The schoolteacher said, “It can be and it is a very lonely and isolating experience for so many. I think especially for me because I had friends with children of the same age, and some of Matty’s milestones were being missed.”

She said she realised she needed to be “proactive” in “arming” herself with “as much information and knowledge to help me to help him”.

She explained that going out to a restaurant can be challenging for her son for a variety of reasons, with one factor being the different smells and textures of foods and even the brand.

She said: “He would go for crunchy food at home if he needed some sort of sensory input, if he feels like he needs to crunch down to get that feeling in his mouth.

“Or other days when he’s totally spent (of energy), he might go for a yoghurt in the fridge – something that’s easy and he doesn’t have to put effort in because he has got literally nothing left to give, he can’t even crunch a cracker.” 

On the reaction from restaurants – some of which already offer tables in quieter areas and at less busy times of the day to accommodate families – to her suggestion, she said: “I’m just absolutely blown away with the level of acceptance that the restaurants have had.”

Asked what difference it would make to her family, she said: “It’s a small wee thing that will add to the comfort for him (Matty), it will help him feel more secure and happy and safe if he has familiar foods to him.

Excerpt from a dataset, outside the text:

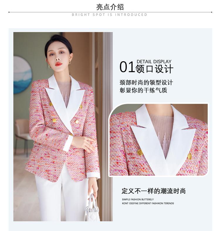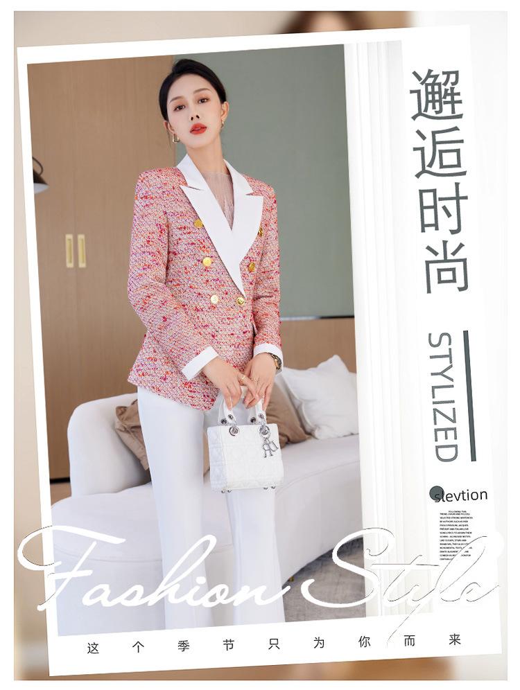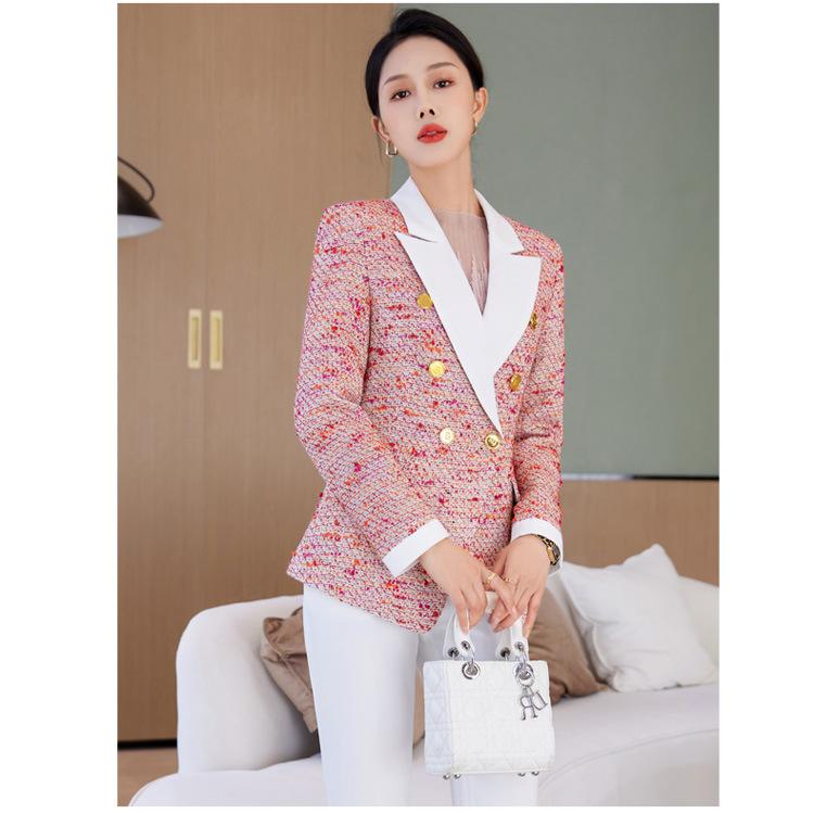 Traje Rojo Pequeño de Cuello Blanco para Mujer Otoño Venta al por Mayor Nueva Moda Traje Corto Casual de Fragancia Pequeña Conjunto de Dos Piezas

“By the restaurants having this in place, this will be one less thing for parents to have to worry about for their child. There are so many other factors that can add to the trickiness or the difficulties for an autistic child to be going to a restaurant and generally going out and about.”

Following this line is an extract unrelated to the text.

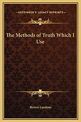 ""The Methods of Truth Which I Use"" is a book written by Landone Brown that delves into various techniques and practices for discovering and living in truth. The author offers insights and guidance on how to develop an intuitive sense of truth, how to use meditation and visualization to access higher wisdom, and how to cultivate a mindset of positivity and self-belief. The book also explores the power of affirmations, the importance of self-awareness, and the role of personal responsibility in creating a fulfilling and authentic life. Overall, ""The Methods of Truth Which I Use"" is a practical and inspiring guide for anyone seeking to live a life of truth, purpose, and abundance.1928. The author gives the reader 31 methods, one for each day of the month to sustain them hour by hour, help dispel mental fog, to grow in spirit and power, and learn how to express desires freely without limitation. It is recommended that each lesson be used in order, i.e. Lesson One should be studied on the first day of the month, etc., but if for some reason you need the help of a particular lesson, turn to it for the help it can provide. Also, for each lesson, the author has prepared a prescription made up completely from passages of God's word to help in the reader's work. See other titles by this author available from Kessinger Publishing.This scarce antiquarian book is a facsimile reprint of the old original and may contain some imperfections such as library marks and notations. Because we believe this work is culturally important, we have made it available as part of our commitment for protecting, preserving, and promoting the world's literature in affordable, high quality, modern editions, that are true to their original work.

She is hopeful more restaurants will consider getting on board, adding: “It’s great for me at the minute as the restaurants (that have said yes) are so local, but I am quite aware that we’re not the only family in this situation.” 

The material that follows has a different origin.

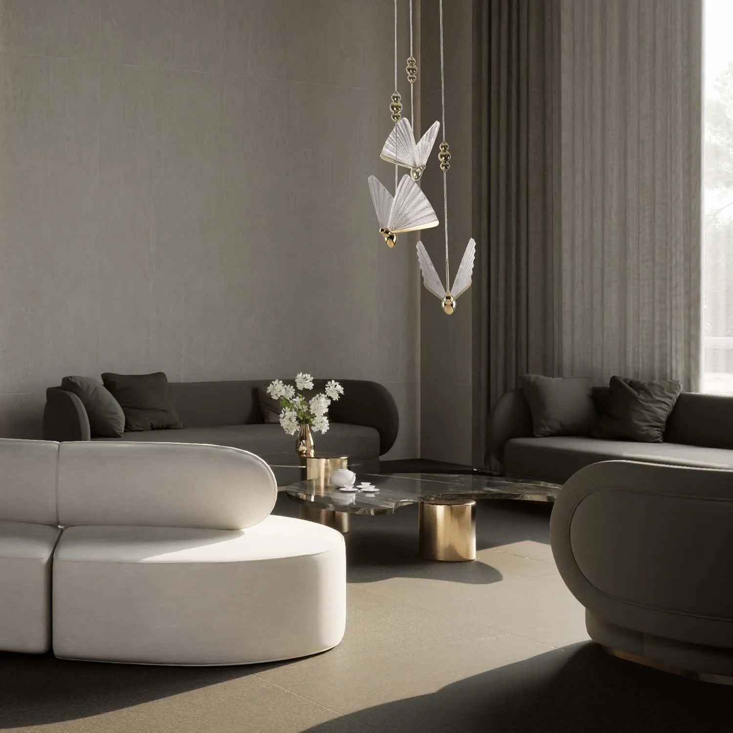 Efektowny złoty kolor podsufitki, zawiesia oraz motyli wnosi do wnętrza poczucie elegancji i luksusu. Połyskujące wykończenie nada pomieszczeniu nowej, wyjątkowej energii i ożywi dodatki w stonowanych lub ciemnych kolorach. Całości dopełniają przezroczyste skrzydła, które nawet przy wyłączonym świetle dają kompozycji wyjątkową lekkość. Staranne wykończenie detali podkreśla wysoką jakość wykonania, co sprawia, że lampa Mariposa spełni oczekiwania nawet najbardziej wymagających użytkowników

Mrs Coyle said having a network of other parents of autistic children to meet with and talk to has been helpful, but stressed that speaking with autistic people who are able to share their experiences is also crucial.

She said: “We found that actually talking with other parents was one of the best ways to learn.

“The other best way to learn is obviously listening to those in the autistic community who are able to explain their experiences and their difficulties and the reasons why.”

Hearing experiences of other parents discussed publicly by people such as former reality TV star and model Christine McGuinness helps to remove the stigma around autism, Mrs Coyle added.

McGuinness was diagnosed with autism at the age of 33 and presented a documentary with comedian and Top Gear host husband Paddy in which they discussed their family’s experience with their children, all three of whom have autism.

Mrs Coyle said: “The stigma is being lifted and it’s one of those things – the more you talk about it, the more people are aware of it and they can accept it because they may not know very much about it and what they do know about, there’s an association with negativity.” 

Mrs Coyle has recently decided to share her family’s experience online in a bid to help others, setting up an Instagram page called “Autism, Matty and Me”, where she has posted which restaurants are involved.

She said: “I just want to do anything I can to make life a little bit easier for Matty, and indeed the autistic community.

“Inclusivity is key and it’s wonderful to see so much more acceptance, understanding and willingness to celebrate and respect diversity.”